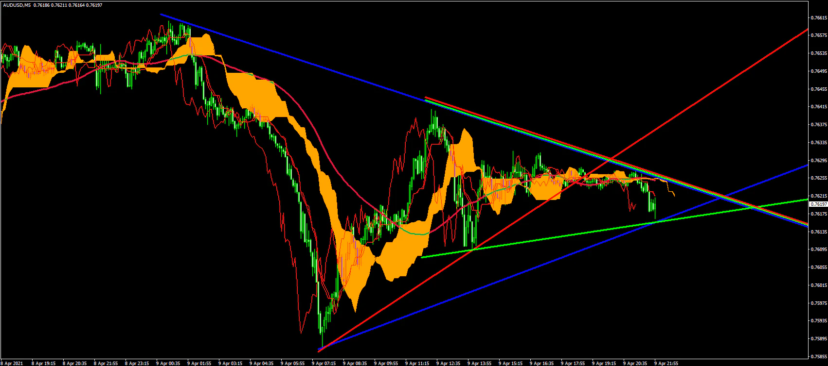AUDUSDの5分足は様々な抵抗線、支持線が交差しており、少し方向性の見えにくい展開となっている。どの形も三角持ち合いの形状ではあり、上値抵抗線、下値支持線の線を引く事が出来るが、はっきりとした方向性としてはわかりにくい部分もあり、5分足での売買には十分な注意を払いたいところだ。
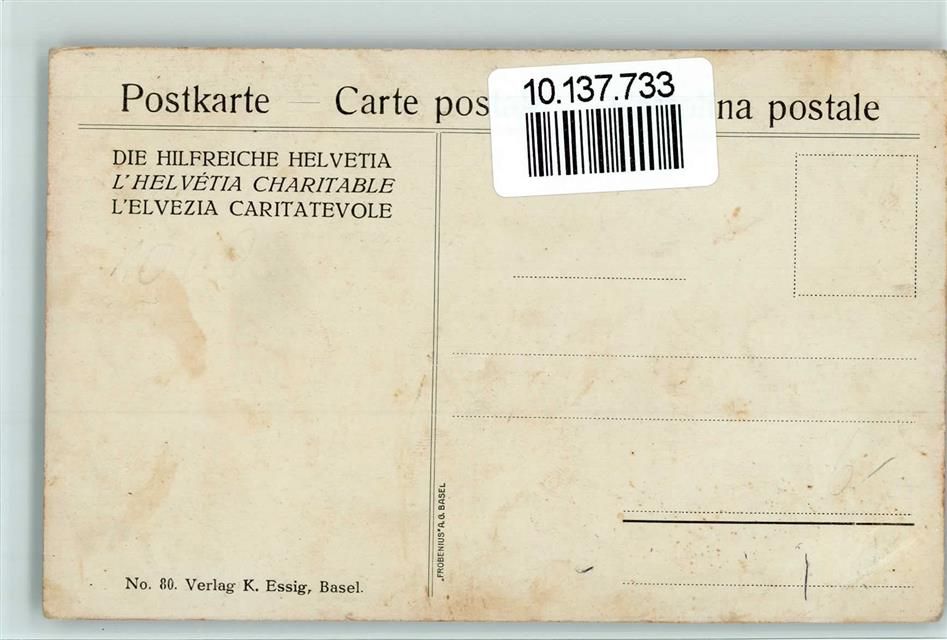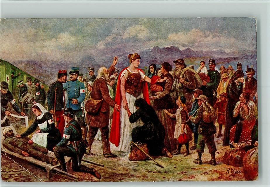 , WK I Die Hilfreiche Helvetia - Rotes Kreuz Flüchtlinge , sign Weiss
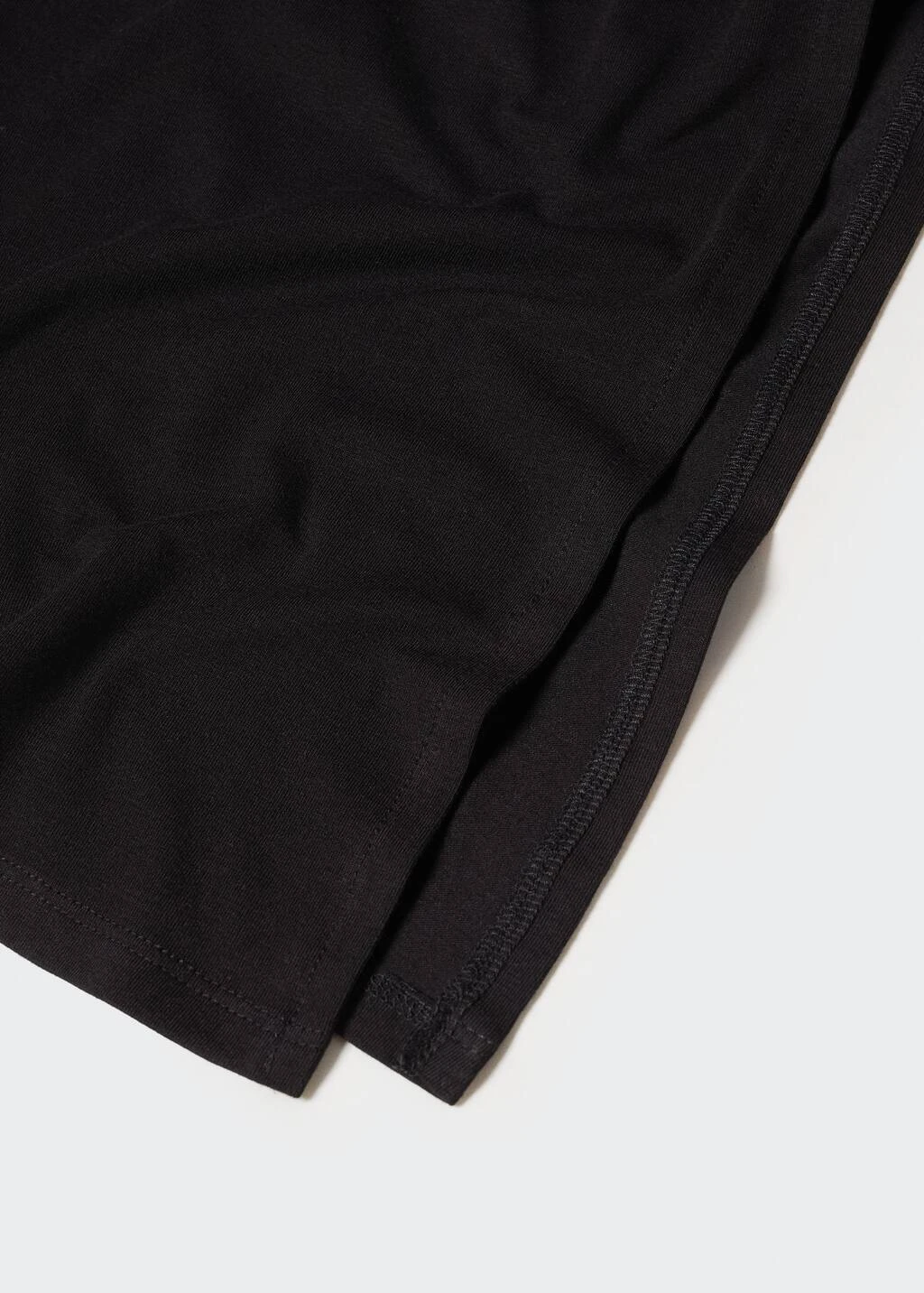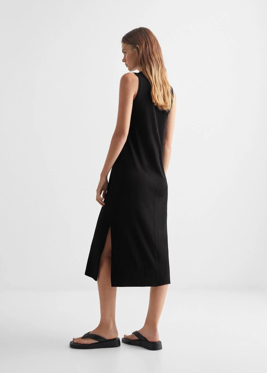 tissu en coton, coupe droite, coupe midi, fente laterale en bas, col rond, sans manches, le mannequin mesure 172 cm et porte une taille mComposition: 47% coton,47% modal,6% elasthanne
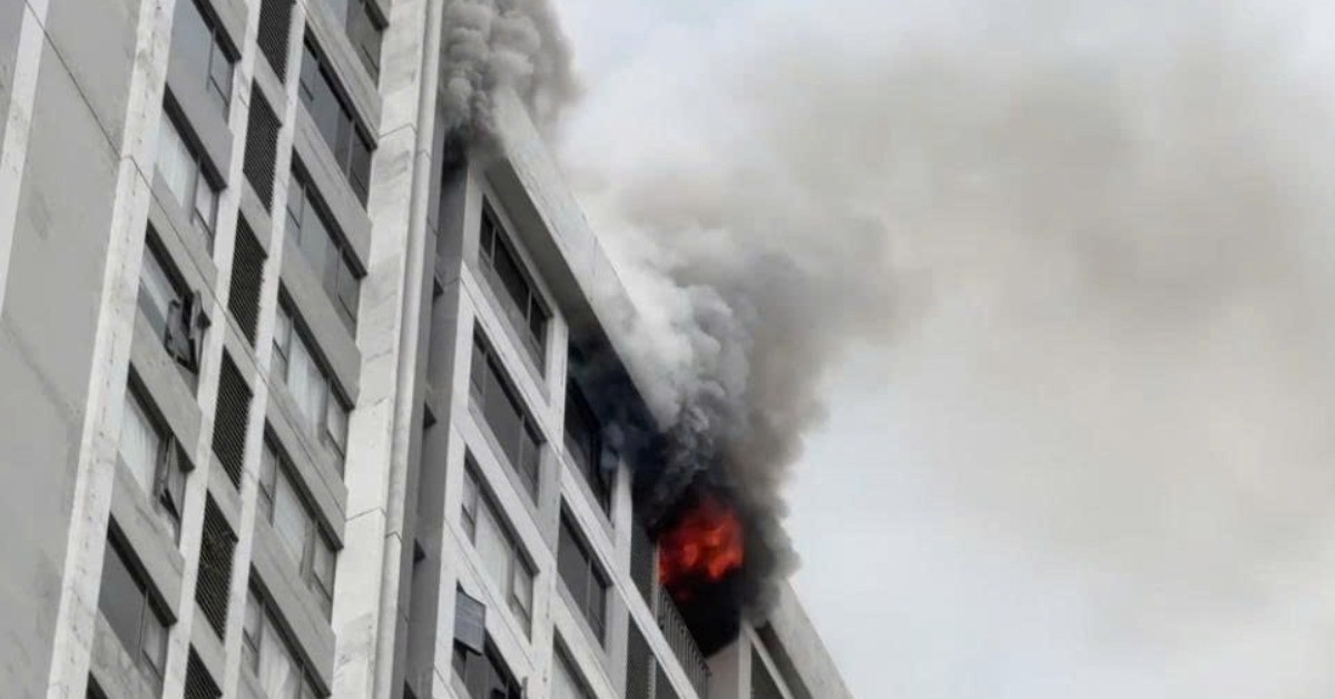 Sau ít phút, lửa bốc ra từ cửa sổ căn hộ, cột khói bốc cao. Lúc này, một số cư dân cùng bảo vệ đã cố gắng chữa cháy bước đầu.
■ ■ ■
### [GOAL OF THE EXERCISE]
Please set down each line of the data above exactly as written, without the pictures.

### [EXERCISE OUTPUT]
AUDUSDの5分足は様々な抵抗線、支持線が交差しており、少し方向性の見えにくい展開となっている。どの形も三角持ち合いの形状ではあり、上値抵抗線、下値支持線の線を引く事が出来るが、はっきりとした方向性としてはわかりにくい部分もあり、5分足での売買には十分な注意を払いたいところだ。
 , WK I Die Hilfreiche Helvetia - Rotes Kreuz Flüchtlinge , sign Weiss
 tissu en coton, coupe droite, coupe midi, fente laterale en bas, col rond, sans manches, le mannequin mesure 172 cm et porte une taille mComposition: 47% coton,47% modal,6% elasthanne
 Sau ít phút, lửa bốc ra từ cửa sổ căn hộ, cột khói bốc cao. Lúc này, một số cư dân cùng bảo vệ đã cố gắng chữa cháy bước đầu.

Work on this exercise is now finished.